• _TASK BRIEF_
Print the lines below word for word, beginning with the first and ending with the line that holds "canvas. Privat ägo.", and skip every picture.

Start of DATASET EXCERPTS

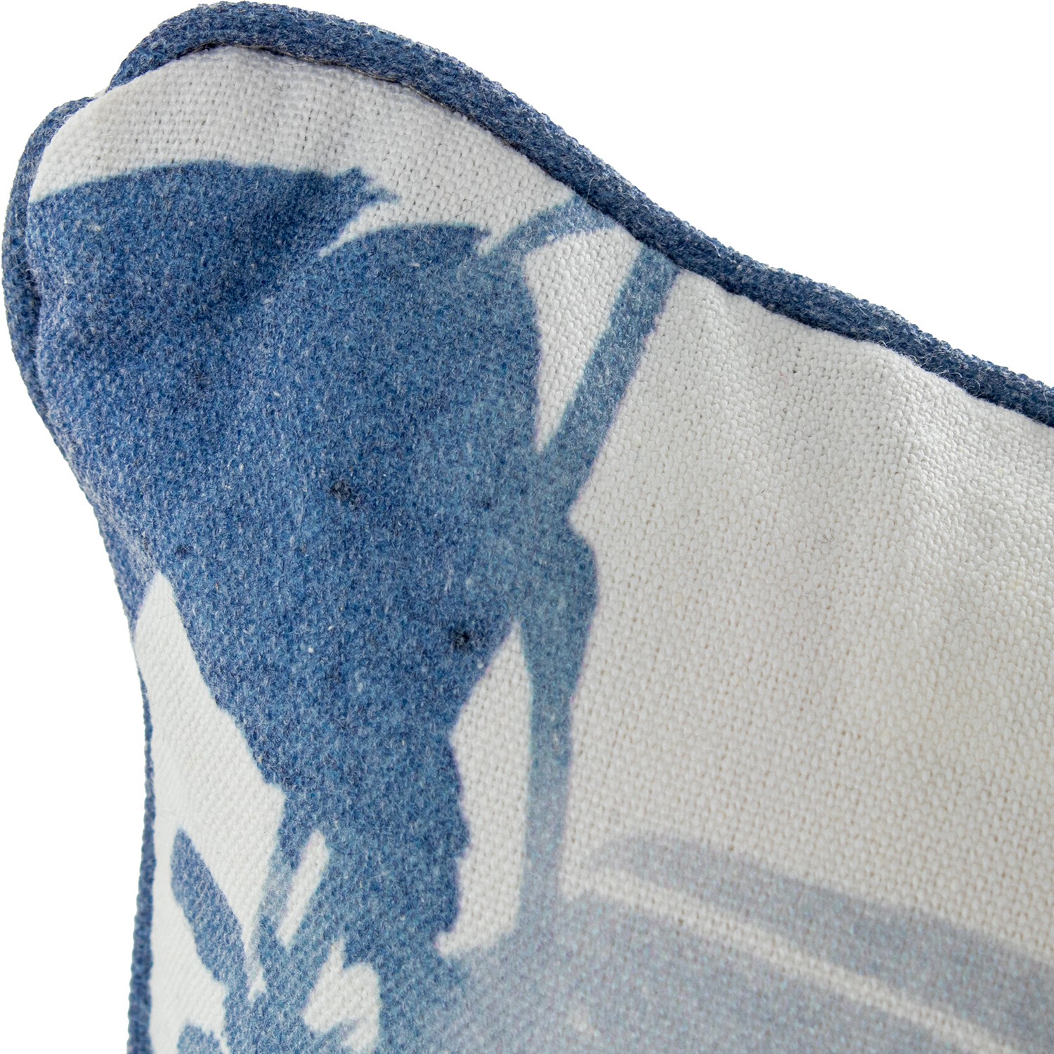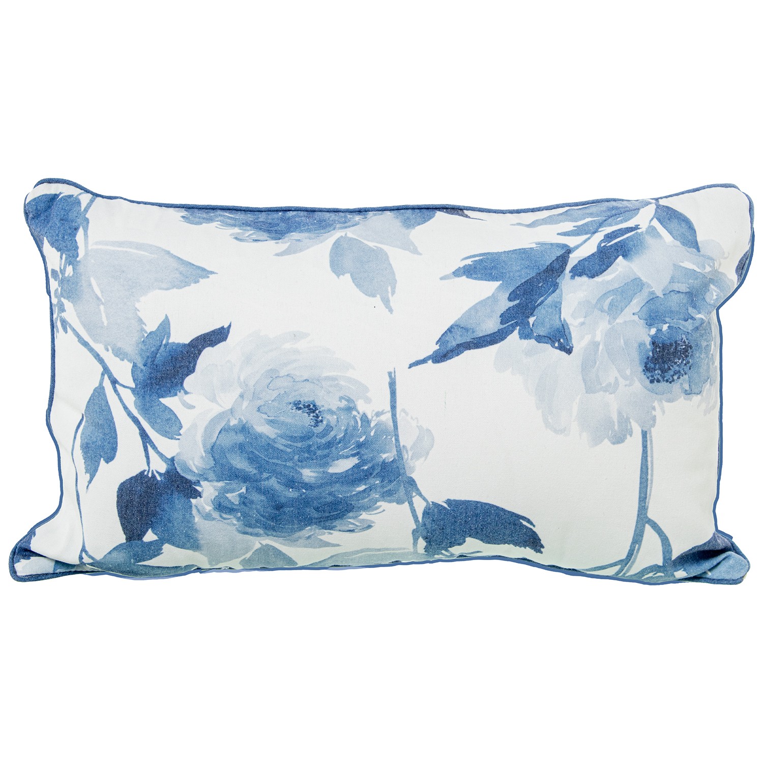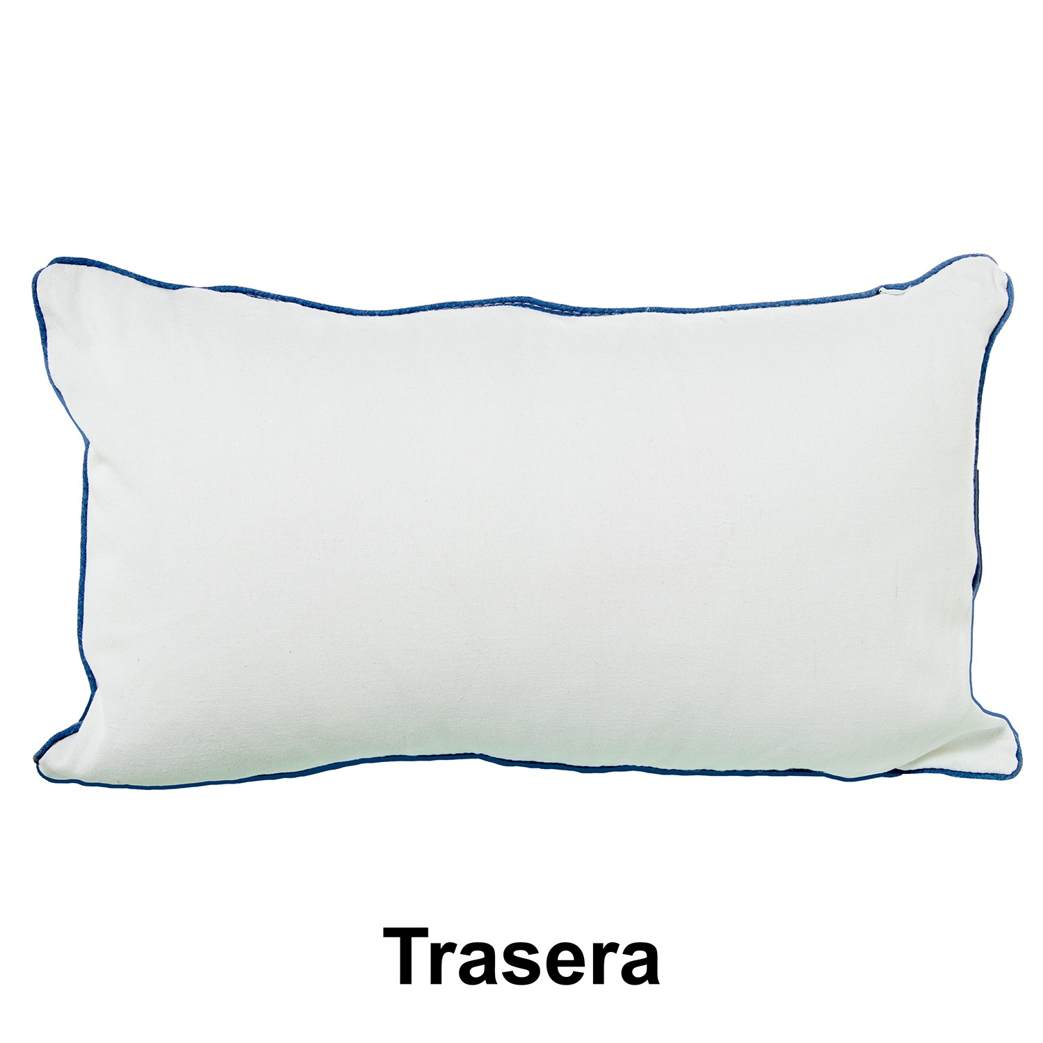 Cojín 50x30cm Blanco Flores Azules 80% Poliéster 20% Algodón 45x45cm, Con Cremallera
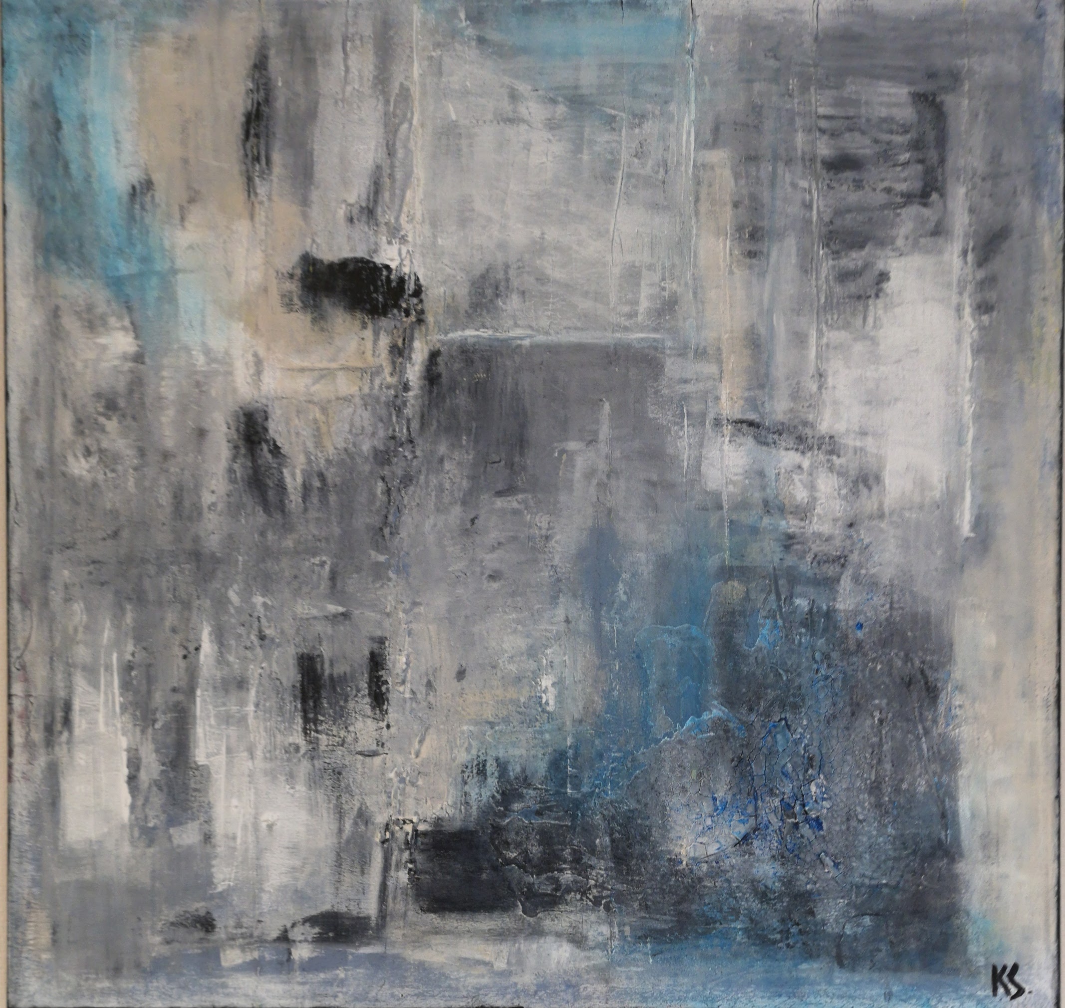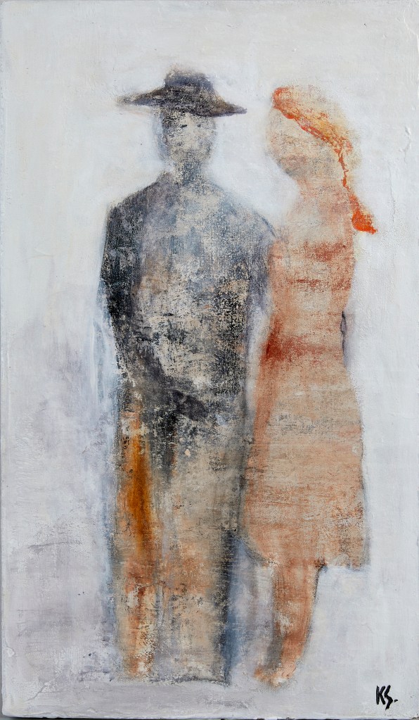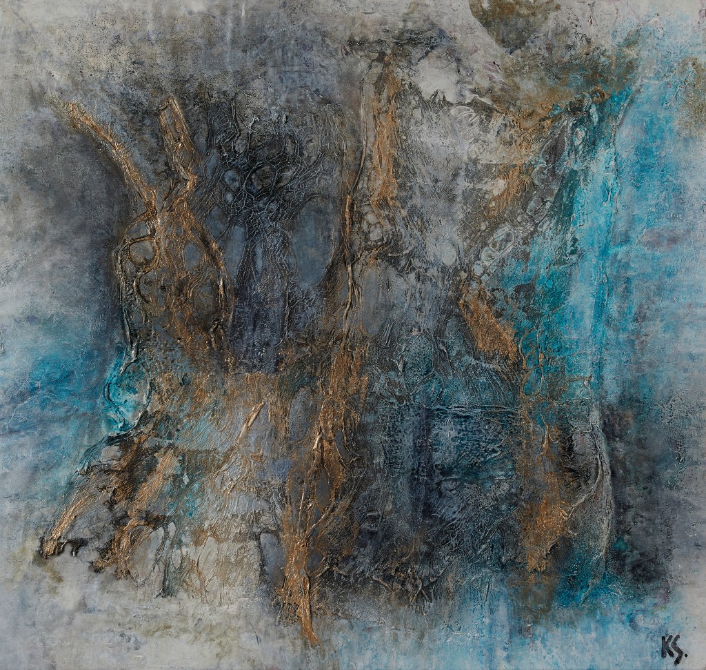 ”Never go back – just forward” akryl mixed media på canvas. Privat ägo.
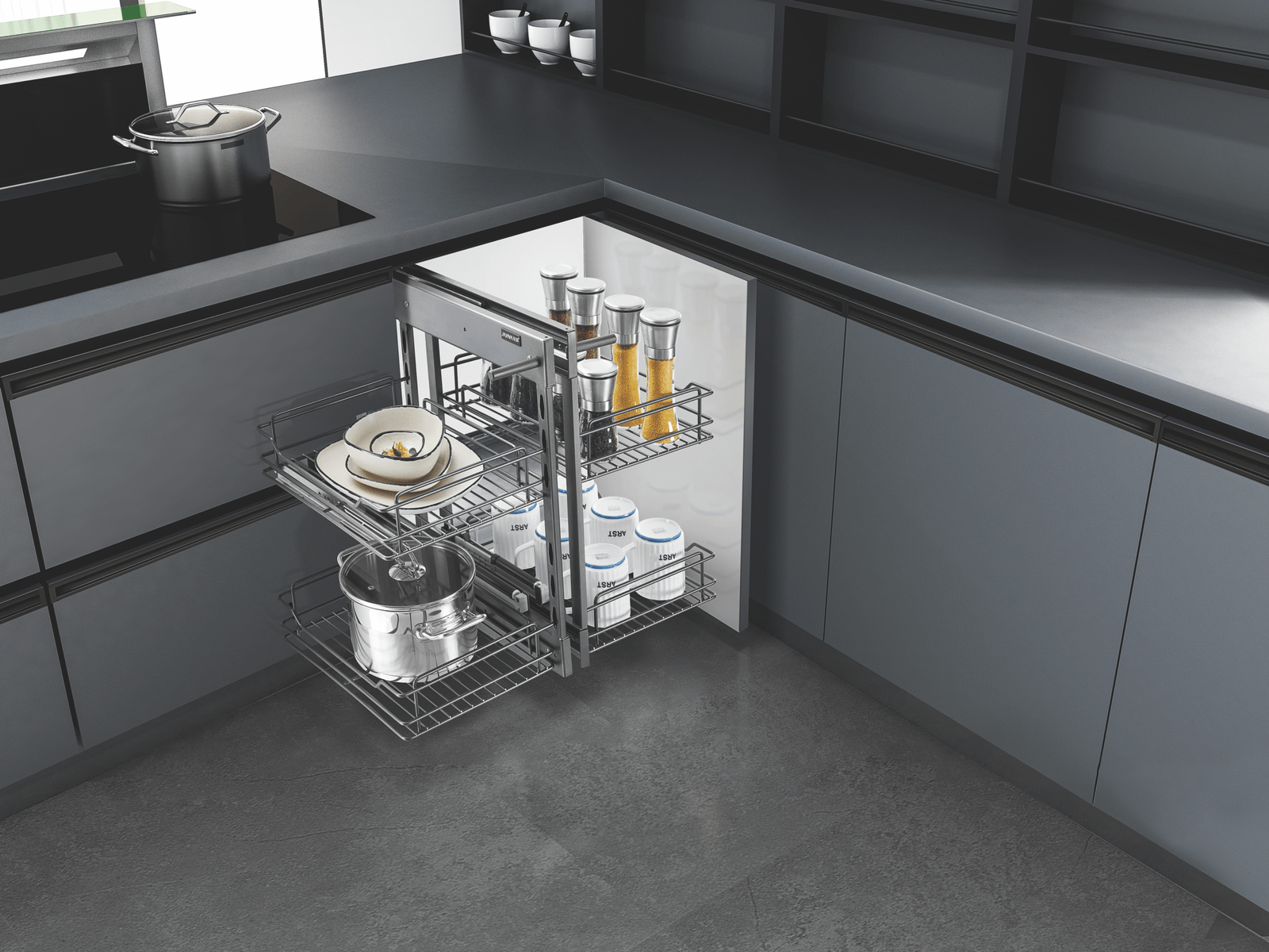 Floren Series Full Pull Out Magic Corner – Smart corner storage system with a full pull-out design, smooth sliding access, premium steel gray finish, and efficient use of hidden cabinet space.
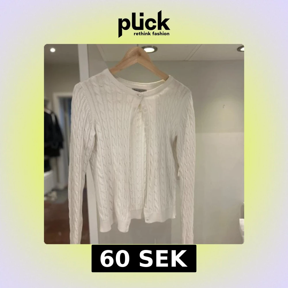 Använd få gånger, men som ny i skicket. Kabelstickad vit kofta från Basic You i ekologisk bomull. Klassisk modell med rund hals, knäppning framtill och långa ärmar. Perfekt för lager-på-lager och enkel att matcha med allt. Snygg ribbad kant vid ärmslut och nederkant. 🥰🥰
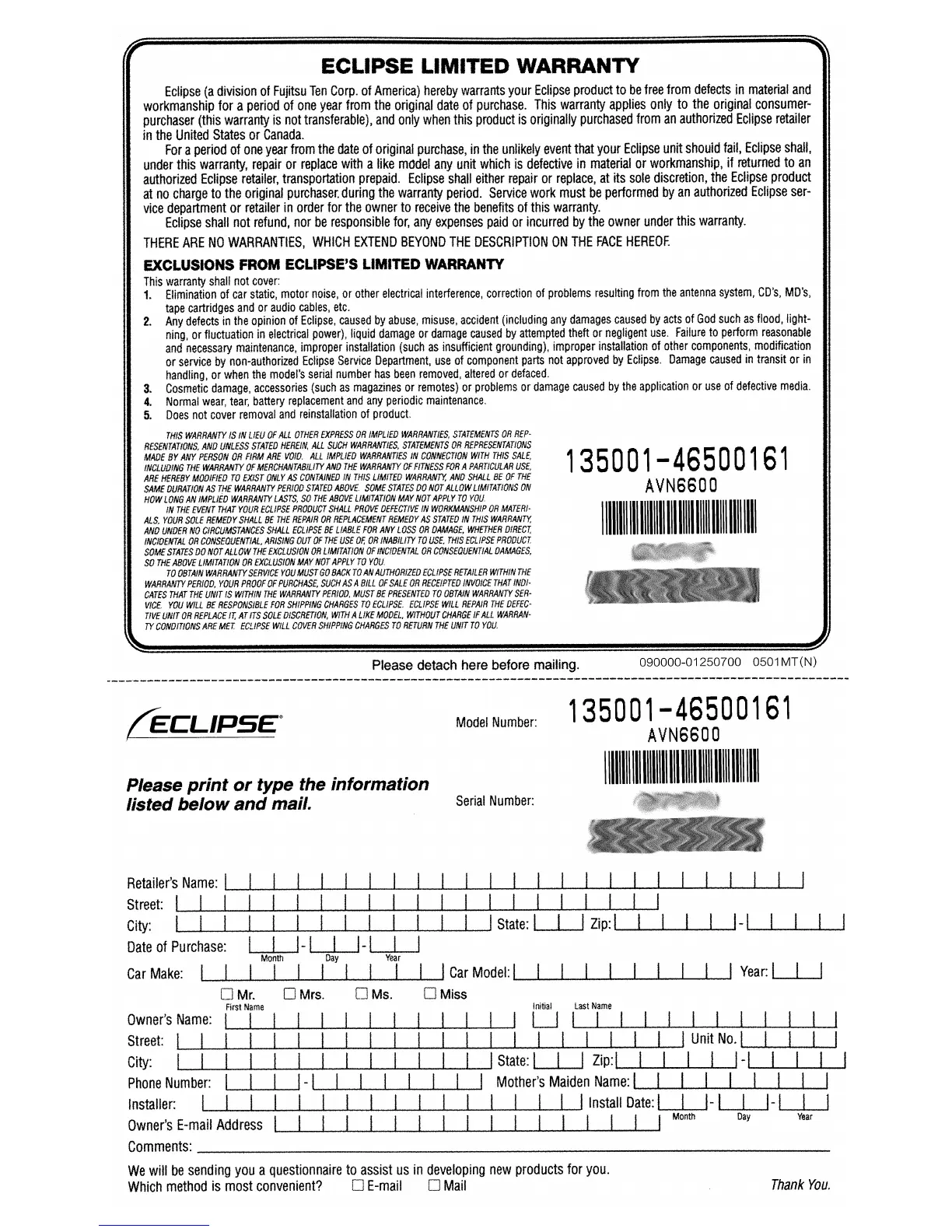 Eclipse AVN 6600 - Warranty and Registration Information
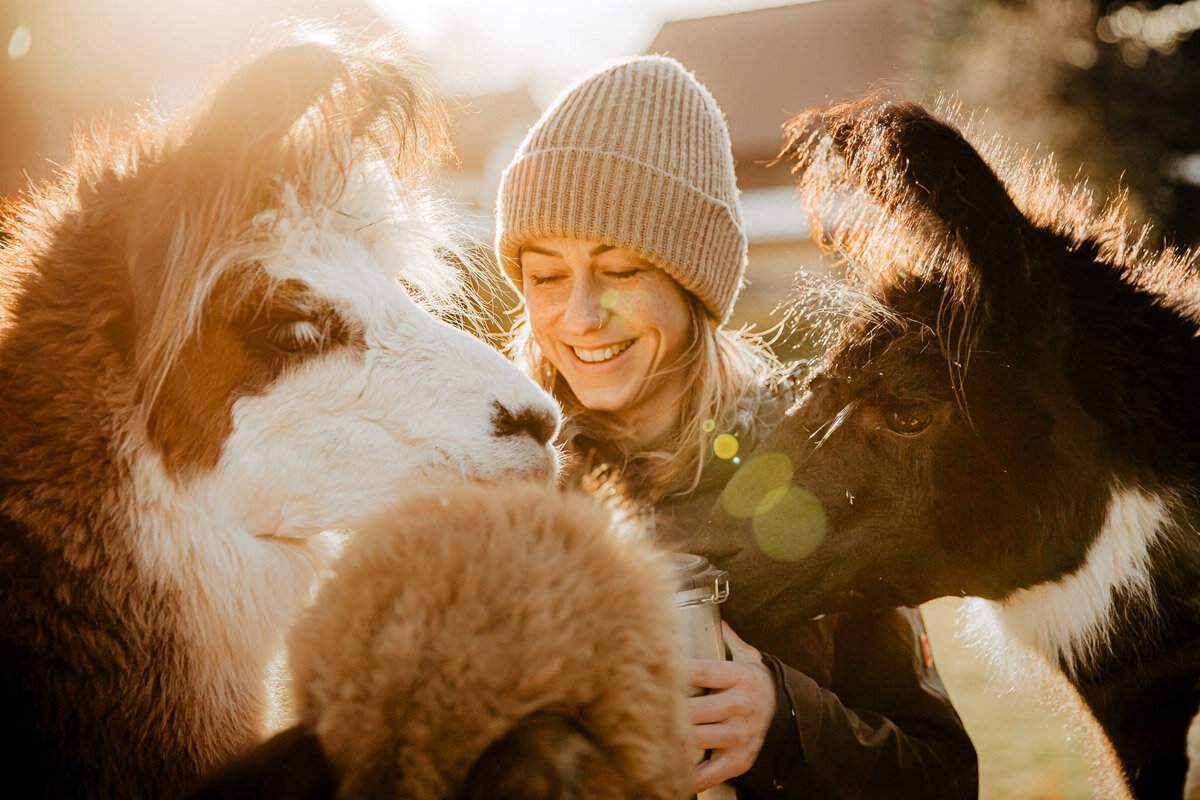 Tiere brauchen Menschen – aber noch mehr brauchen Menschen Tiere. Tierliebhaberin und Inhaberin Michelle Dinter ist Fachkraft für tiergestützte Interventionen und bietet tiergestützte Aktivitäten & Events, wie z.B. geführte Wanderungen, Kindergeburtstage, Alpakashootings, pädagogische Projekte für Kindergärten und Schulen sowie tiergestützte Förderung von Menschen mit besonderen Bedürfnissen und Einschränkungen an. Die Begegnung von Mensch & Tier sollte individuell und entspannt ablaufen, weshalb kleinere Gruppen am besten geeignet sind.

End of DATASET EXCERPTS

• _PROBLEM SOLUTION_
 Cojín 50x30cm Blanco Flores Azules 80% Poliéster 20% Algodón 45x45cm, Con Cremallera
 ”Never go back – just forward” akryl mixed media på canvas. Privat ägo.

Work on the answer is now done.